"""

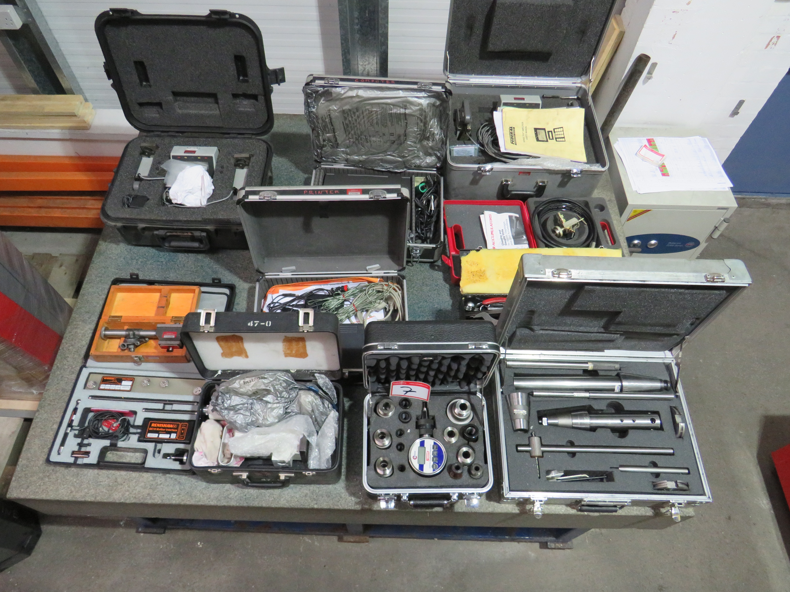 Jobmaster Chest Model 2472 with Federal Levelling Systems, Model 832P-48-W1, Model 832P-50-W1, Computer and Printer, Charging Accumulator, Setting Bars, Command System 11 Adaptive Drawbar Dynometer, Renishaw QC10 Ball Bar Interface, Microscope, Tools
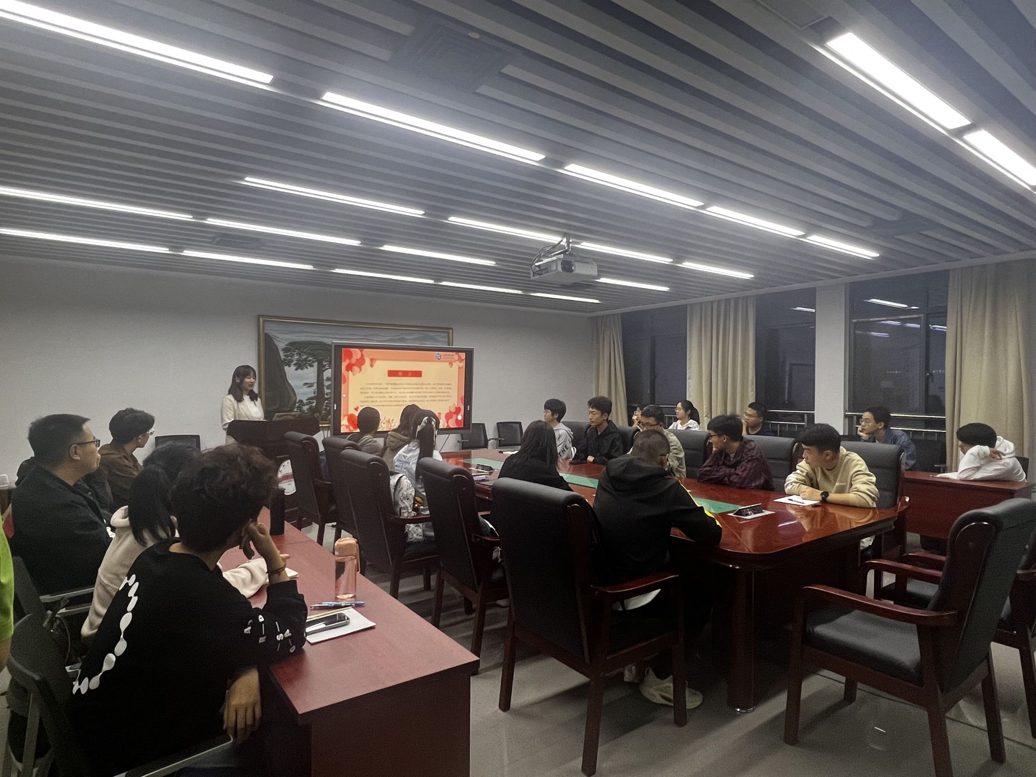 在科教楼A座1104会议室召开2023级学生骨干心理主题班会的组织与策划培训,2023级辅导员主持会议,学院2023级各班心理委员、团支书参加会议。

"""
"""

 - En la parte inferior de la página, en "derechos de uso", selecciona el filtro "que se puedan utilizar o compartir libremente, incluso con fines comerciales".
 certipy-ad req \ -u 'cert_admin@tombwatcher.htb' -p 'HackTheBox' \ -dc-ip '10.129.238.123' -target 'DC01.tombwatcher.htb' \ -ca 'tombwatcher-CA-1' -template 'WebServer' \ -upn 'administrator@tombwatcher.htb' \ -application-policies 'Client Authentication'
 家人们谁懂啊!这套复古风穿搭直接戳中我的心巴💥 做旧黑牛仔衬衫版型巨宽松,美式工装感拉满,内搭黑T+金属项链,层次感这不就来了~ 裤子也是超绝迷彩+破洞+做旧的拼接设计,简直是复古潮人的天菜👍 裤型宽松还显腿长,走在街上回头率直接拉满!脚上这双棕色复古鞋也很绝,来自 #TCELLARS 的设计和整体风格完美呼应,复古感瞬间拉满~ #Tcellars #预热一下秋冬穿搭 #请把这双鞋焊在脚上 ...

"""

◆ Task prompt
Though the entries above contain pictures, none should be copied; reproduce only the lines between the one holding "Jobmaster Chest Model" and the one holding "在科教楼A座1104会议室召", inclusive, exactly as written.

◆ The completed task
 Jobmaster Chest Model 2472 with Federal Levelling Systems, Model 832P-48-W1, Model 832P-50-W1, Computer and Printer, Charging Accumulator, Setting Bars, Command System 11 Adaptive Drawbar Dynometer, Renishaw QC10 Ball Bar Interface, Microscope, Tools
 在科教楼A座1104会议室召开2023级学生骨干心理主题班会的组织与策划培训,2023级辅导员主持会议,学院2023级各班心理委员、团支书参加会议。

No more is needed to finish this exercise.